Dreams about sleeping safe in my own room, playing on the beach at ease
and without fear, and cooking with her. What I so desperately needed was
to be standing on that stool by the stove, carefully stirring under her
watchful eye like when I was little. To be little again, living without fear
and brutality... (59-60)
But when she finally comes home, she feels a strong sense of estrangement and alienation, as she

reenters her old world with a resurrected figure; a strange body that can no longer relate with the

love her parents have for her:

No matter how hard I tried, this place, their house, was no longer home, and
these people, though kind and loving, were like strangers pretending to be
family. (59)
She is not the only one who feels that way. Kenny’s experience is even more painful. He comes

home to his mother, only to meet her figuratively dead and absent: “Neither of them spoke of

their years apart, and over time the truth of their separation grew between them, like a silent

wound, untended and festering” (23).

But losing his mother is not the greatest tragedy of Kenny’s life. It is his inability to live in the

present; his inability to survive in an ordered world. His life thrives in chaos and any form of

beauty makes him uncomfortable. After he finally starts building a family with Lucy and Kendra,

“[n]o one would have guessed that the old restlessness was so loud in Kenny that he could barely

hear the baby coo or Lucy laugh” (210). He abandons his beautiful family, despite loving them

so much, because:

It was himself he couldn’t love. They did that to him. Whatever they didn’t
break in him, they bent. They beat him and beat him so many times I
couldn’t even count. He never told me this, but I know Brother was

3
bothering him too. That creep went after so many of those little boys.” (262-
63)
The many years of physical and sexual molestation end up making Kenny loathe himself, despite

loving everyone else around him. He sends money to his mother from his wages until she dies,

and even in death, leaves behind a huge insurance package for his family.

Maisie experiences this inability to love too. Faced with the prospect of charting a new course

with his boyfriend, Jimmy, she rather settles for a masochistic romance with someone she refers

to as Old Man:

I heard his zipper as he pulled up my skirt. He stuck it in me, hard and deep,
each thrust with all his weight bashing me against the wall. His breath, short
and foul.
“Say it,” I told him again. “Say it or I never will come here again.”
“Slut. Savage. Filth. Stupid. Cunt. Whore. Slut. Savage.”
These were Father’s words. They took the rhythm of his thrusts. And I
couldn’t breathe without this. I didn’t exist without this. (63)
The dalliance with Old Man only reminds her of the sexual molestation she experiences in the

hands of the Reverend Father at the Mission. Her whole existence had come to be defined by it,

and she ruins her relationship with Jimmy because of that. But it does not stop at that. She takes

her own life too, uniting her physical body with her soul that died at the Mission.

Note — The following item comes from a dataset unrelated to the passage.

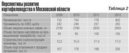 Долгосрочной целевой программой "Развитие сельского хозяйства Московской области на период 2009-2012 годов" предусмотрено получение в отрасли картофелеводства намеченных показателей по всем категориям хозяйств (таб. 2).
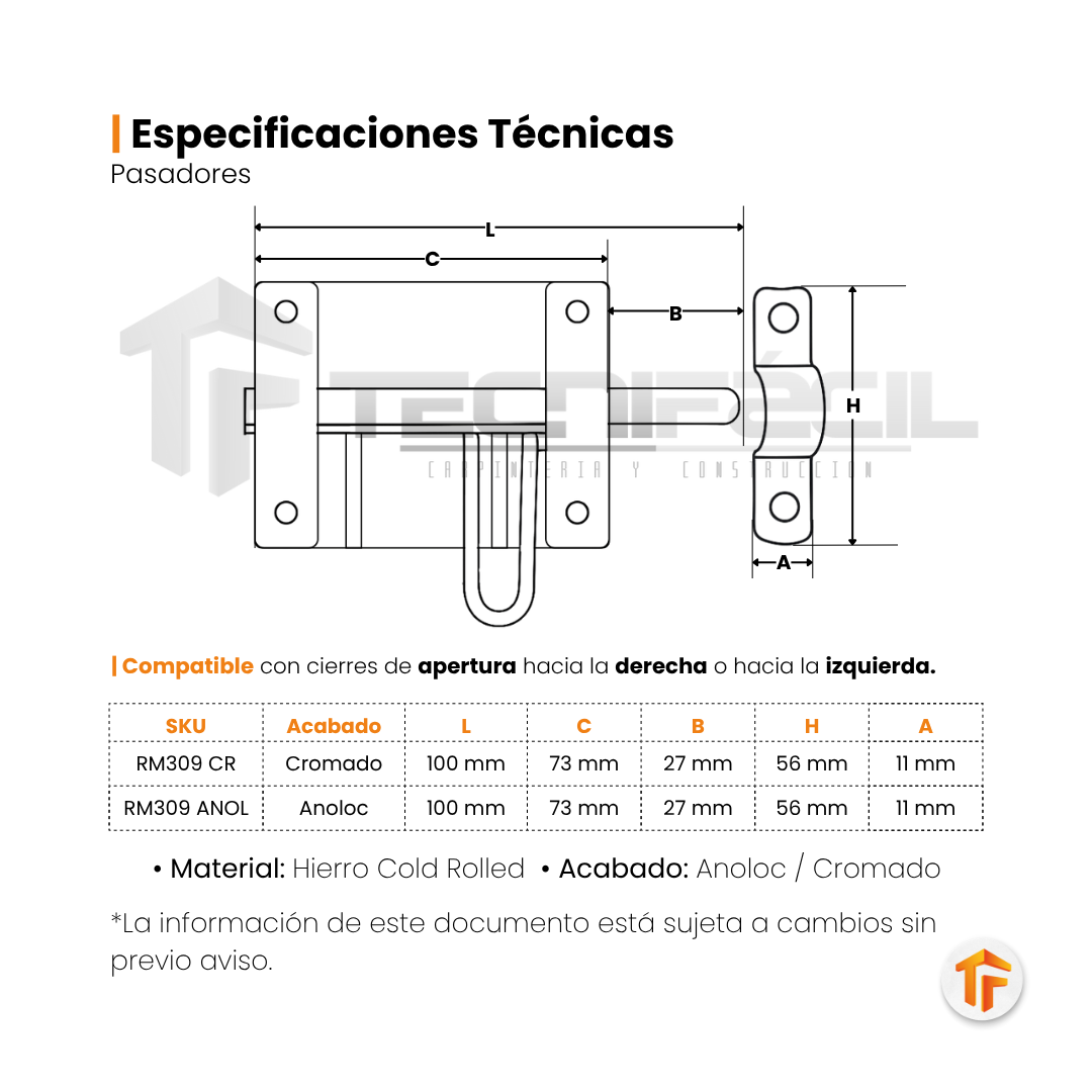 Portacandado rectangular es un resistente mecanismo de cierre auxiliar, ideal para instalar sobre puertas abatibles de madera. Ofrece un nivel de seguridad adicional, complementando cerraduras principales o asegurando puertas interiores de forma práctica y confiable. Su diseño garantiza durabilidad, mientras que su acabado aporta un toque moderno y elegante a cualquier espacio.

The only person who experiences true resurrection is Clara. She meets Mariah, an old Cree

woman who shelters her from the law. During her stay with Mariah, Clara reconnects with her

ancient tradition and experiences a form of psychological rebirth she never imagined was

possible:

There are no English words to describe how one woman walked into that
lodge and another walked out. All Clara knew was that it took her back.
Back to the birch grove and the angel songs. Back to who she was before
Sister Mary, before the school, before they tried to beat her into a little
brown white girl. She felt a certainty, from then on, that all the ones who

4
had come before walked with her. Life was no longer just survival. It was
about being someone. An Indian someone, with all the truth that was born
into her at the moment she was placed in her mother’s womb. (199)
It is this resurrected Clara, free from bitterness and any form of vengeful feeling, that goes on to

build something emotionally significant with Howie.